I'm working on a new weave-based data structure for storing version control history. This will undoubtedly cause some religious wars about whether it's The Right Way Of Doing Things when it comes out, but that isn't my question right now.
My question has to do with what output blame should give. When a line of code has been added, removed, and merged into itself a number of times, it isn't always clear what revision should get blame for it. Notably this means that when a section of code is deleted, all records of it having been there is gone, and there is no blame for the removal. Everyone I've gone over this issue with has said that trying to do better simply isn't worth it. Sometimes people put in the hack that the line after the section which got deleted has its blame changed from whatever it actually was to the revision when the section got deleted. Presumably if the section is at the end then the last line get its blame changed, and if the file winds up empty then the blame really does disappear into the aether, because there's literally nowhere left to put blame information. For various technical reasons I won't be using this hack, but assume that continuing but with this completely undocumented but de facto standard practice will be uncontroversial (but feel free to flame me and get it out of your system).
Moving on to my actual question. Usually in blame for each line you look at the complete history of where it was added and removed in the history and using three-way merge (or, in the case of criss-cross merges, random bullshit) and based on the relationships between those you determine whether the line should have been there based on its history, and if it shouldn't but is then you mark it as new with the current revision. In the case where a line occurs in multiple ancestors with different blames then it picks which one to inherit arbitrarily. Again, I assume that continuing with this completely undocumented but de facto standard practice will be uncontroversial.
Where my new system diverges is that rather than doing a complicated calculation of whether a given line should be in the current revision based on a complex calculation of the whole history, it simply looks at the immediate ancestors, and if the line is in any of them it picks an arbitrary one to inherit the blame from. I'm making this change for largely technical reasons (and it's entirely possible that other blame implementations do the same thing, for similar technical reasons and a lack of caring) but after thinking about it a bit part of me actually prefers the new behavior as being more intuitive and predictable than the old one. What does everybody think?

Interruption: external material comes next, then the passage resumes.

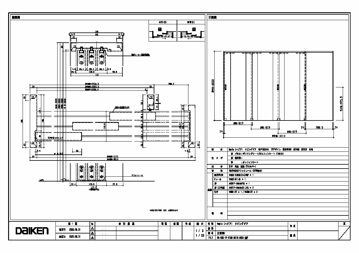 | キャプション | 3219幅 2033高 引手 角座 空錠 フラットレール(3219幅用) 三面図 |

I actually wrote a one of the blame implementations out there (Subversion's current one I believe, unless someone replaced it in the past year or two). I helped with some others as well.
At least most implementations of blame don't do what you describe:
Usually in blame for each line you look at the complete history of where it was added and removed in the history and using three way merge (or, in the case of criss-cross merges, random bullshit) and based on the relationships between those you determine whether the line should have been there based on its history, and if it shouldn't but is then you mark it as new with the current revision. In the case where a line occurs in multiple ancestors with different blames then it picks which one to inherit arbitrarily. Again, I assume that continuing with this completely undocumented but de facto standard practice will be uncontroversial.
Actually, most blames are significantly less complex than this and don't bother trying to use the relationships at all, but they just walk parents in some arbitrary order, using simple delta structures (usually the same internal structure whatever diff algorithm they have uses before it turns it into textual output) to see if the chunk changed, and if so, blame it, and mark that line as done.
For example, Mercurial just does an iterative depth first search until all lines are blamed. It doesn't try to take into account whether the relationships make it unlikely it blamed the right one.
Git does do something a bit more complicated, but still, not quite like you describe.
Subversion does what Mercurial does, but the history graph is very simple, so it's even easier.
In turn, what you are suggesting is, in fact, what all of them really do:
Pick an arbitrary ancestor and follow that path down the rabbit hole until it's done, and if it doesn't cause you to have blamed all the lines, arbitrarily pick the next ancestor, continue until all blame is assigned.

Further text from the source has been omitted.